Nick frowned, staring at the chip’s glowing blue light on the side of the woman’s face. He didn’t know what was happening exactly. The woman appeared to have regained her former consciousness. And that seemed like a good thing, but it gave Nick a sick feeling in his stomach.
“I’m Nick. And this is Lusa,” he offered. “Can you tell me who you are?”
The woman looked down. “I’m…Erin.” She said the name like it was unfamiliar, distant. Like she’d had to search far and wide to recover it, and Nick imagined that was exactly what had happened.
Nick heard running footsteps and put out a cautionary hand. Robert slowed his approach. Then Nick took the canteen from the drone and offered it to Erin, saying, “Here you are. Drink this.”
“What is it?” she asked.
“Just water.”
Slowly, Erin reached forth, her hand trembling—Nick didn’t know if it was from fear or fatigue—and took the canteen. Then, her hesitation gone, she turned it up and began guzzling it.
“Guess you were thirsty,” Lusa said.
Erin finished off the quart jug and wiped her mouth with her arm. “Thanks,” she said softly, returning the canteen.
“Erin,” Nick started. When she looked at him, her baby blue eyes struck him, and he paused for a moment as he no longer saw her as a crazy, or emergent, or a drone. She was human. Damaged but human. “We’re in an abandoned mine. Lusa and I were here to…make sure it was safe to use again.”
Erin appeared to accept his partial explanation, then looked at Robert.
“He’s on our team,” Lusa said. “There’s more outside like him.”
Erin reached up to her temple and felt the chip.
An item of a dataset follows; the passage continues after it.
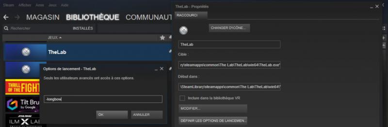 Pour ajouter Robot Repair, ajouter /SteamApps/common/The Lab/RobotRepair/bin/win64/vr.exe comme jeu "non Steam" et ajouter les options de lancement suivantes : -noassert -retail -autofidelity +map vr_aperture_main +vr_multitool_wormhole 1 +closecaption 0 +cc_subtitles 0 5ème étape : profiter du menu Propriétés pour ajouter le raccourci aux jeux compatibles VR, renommer l'application et modifier l'icône par une icone PNG 256px. 6ème étape : avec le clic droit sur l'expérience, ajouter un raccourci sur le bureau Windows et remplacer l'icône dans ses propriétés par l'une de celles du répertoire ICO téléchargé en étape 2.

“He’s not like you,” Nick said. “Not exactly, anyway.” They stayed there, silent, exchanging glances in the half-dark for several seconds. “Erin, can you tell us what you remember?” Nick asked.
She looked down again and squinted her eyes. “North Pole,” she said in a whisper.
To anyone not from Alaska, it would have sounded insane. But Nick knew the small city well. It was just a twenty- minute drive from Fairbanks. “That’s where you’re from?” he asked.
She nodded. “Yes. My family and I were…” Her eyes got big as she turned and gave a horrific expression. “My family!”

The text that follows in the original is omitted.